** TASK REQUIREMENTS **
Pictures must not appear in the copy. Reproduce exactly, and only, the lines from the one with "- Canva Editable" through the end of the data below.

** RECORDS SUPPLIED **
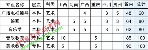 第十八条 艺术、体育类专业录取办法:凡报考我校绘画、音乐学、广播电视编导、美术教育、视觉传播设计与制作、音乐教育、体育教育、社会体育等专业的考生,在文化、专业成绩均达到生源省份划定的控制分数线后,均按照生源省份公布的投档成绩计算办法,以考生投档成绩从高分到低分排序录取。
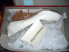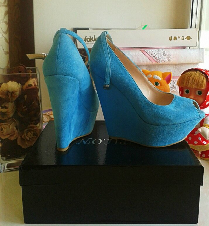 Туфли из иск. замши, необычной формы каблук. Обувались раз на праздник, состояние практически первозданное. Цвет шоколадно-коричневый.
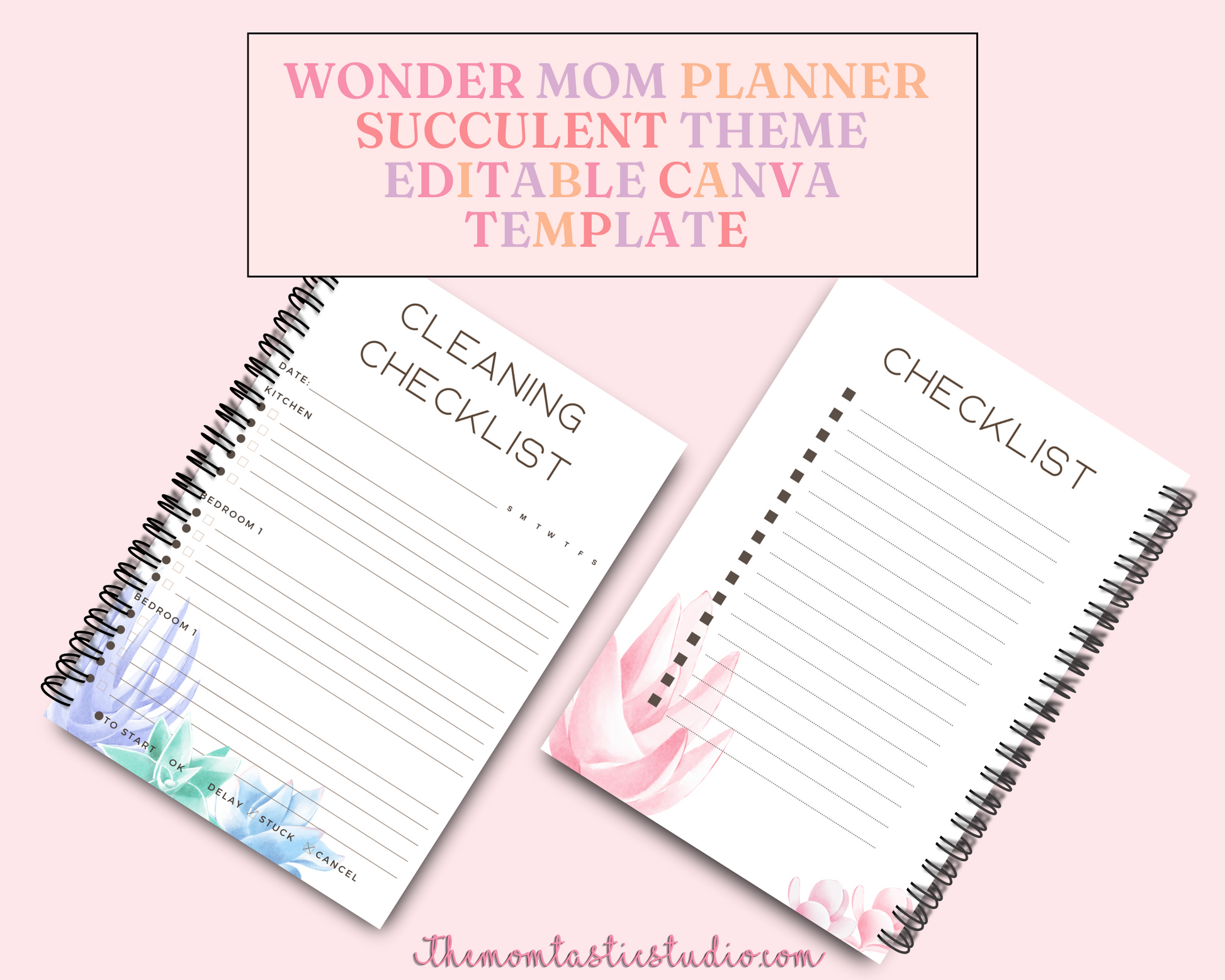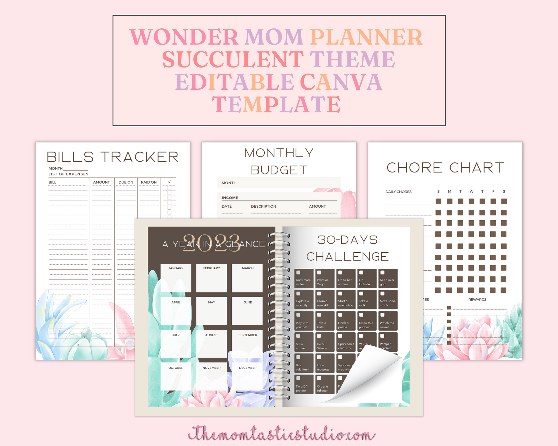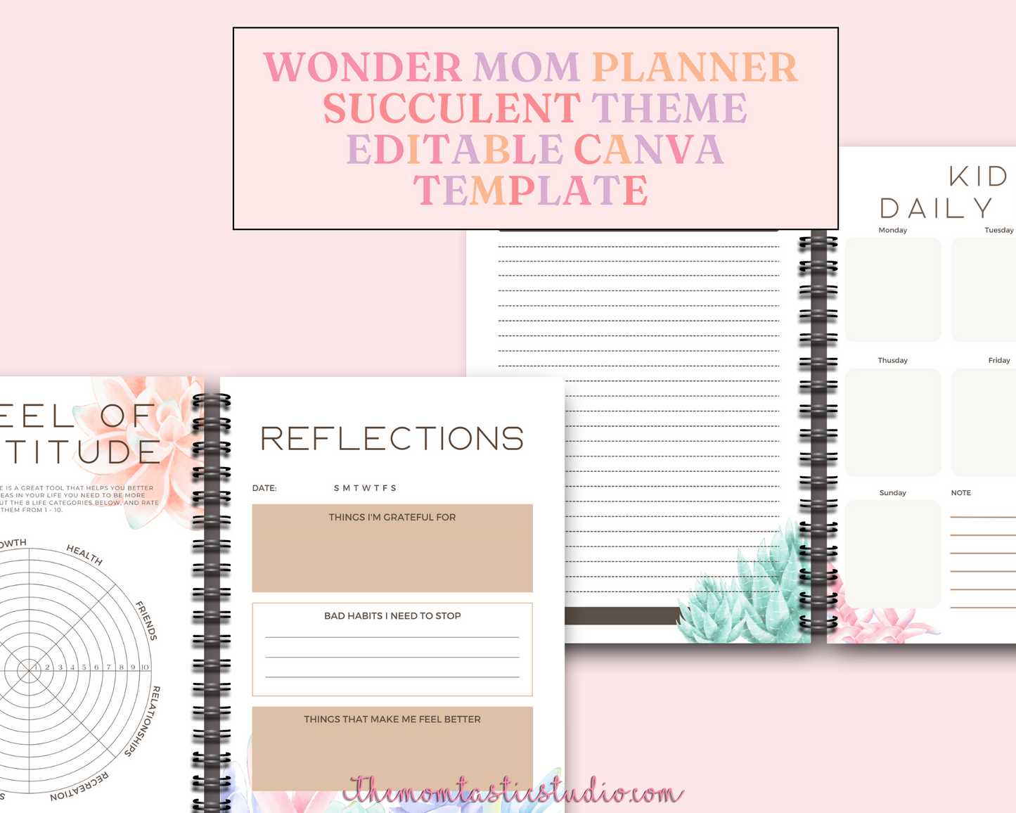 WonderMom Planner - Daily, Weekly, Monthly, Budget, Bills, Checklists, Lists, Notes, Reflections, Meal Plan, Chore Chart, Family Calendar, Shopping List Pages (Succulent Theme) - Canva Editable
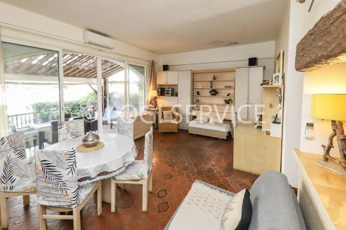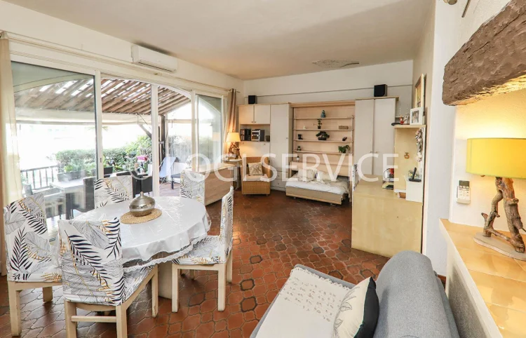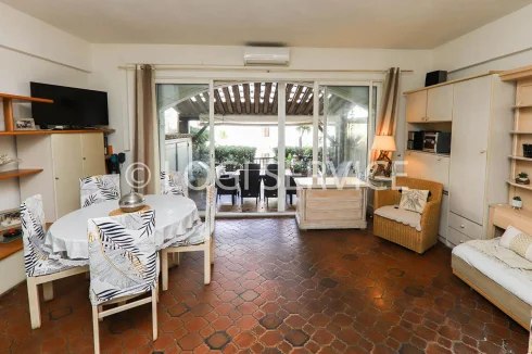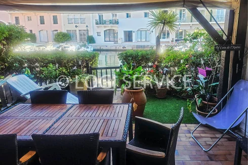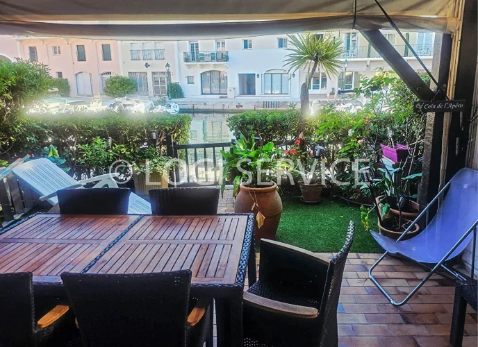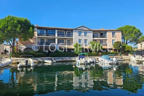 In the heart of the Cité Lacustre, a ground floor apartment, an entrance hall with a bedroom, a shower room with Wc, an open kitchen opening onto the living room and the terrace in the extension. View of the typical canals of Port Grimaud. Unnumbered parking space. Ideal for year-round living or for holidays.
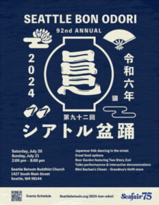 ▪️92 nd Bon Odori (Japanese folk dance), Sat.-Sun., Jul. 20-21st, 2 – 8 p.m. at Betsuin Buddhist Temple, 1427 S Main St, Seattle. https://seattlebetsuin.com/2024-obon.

** SOLUTION FOR THIS EXERCISE **
 WonderMom Planner - Daily, Weekly, Monthly, Budget, Bills, Checklists, Lists, Notes, Reflections, Meal Plan, Chore Chart, Family Calendar, Shopping List Pages (Succulent Theme) - Canva Editable
 In the heart of the Cité Lacustre, a ground floor apartment, an entrance hall with a bedroom, a shower room with Wc, an open kitchen opening onto the living room and the terrace in the extension. View of the typical canals of Port Grimaud. Unnumbered parking space. Ideal for year-round living or for holidays.
 ▪️92 nd Bon Odori (Japanese folk dance), Sat.-Sun., Jul. 20-21st, 2 – 8 p.m. at Betsuin Buddhist Temple, 1427 S Main St, Seattle. https://seattlebetsuin.com/2024-obon.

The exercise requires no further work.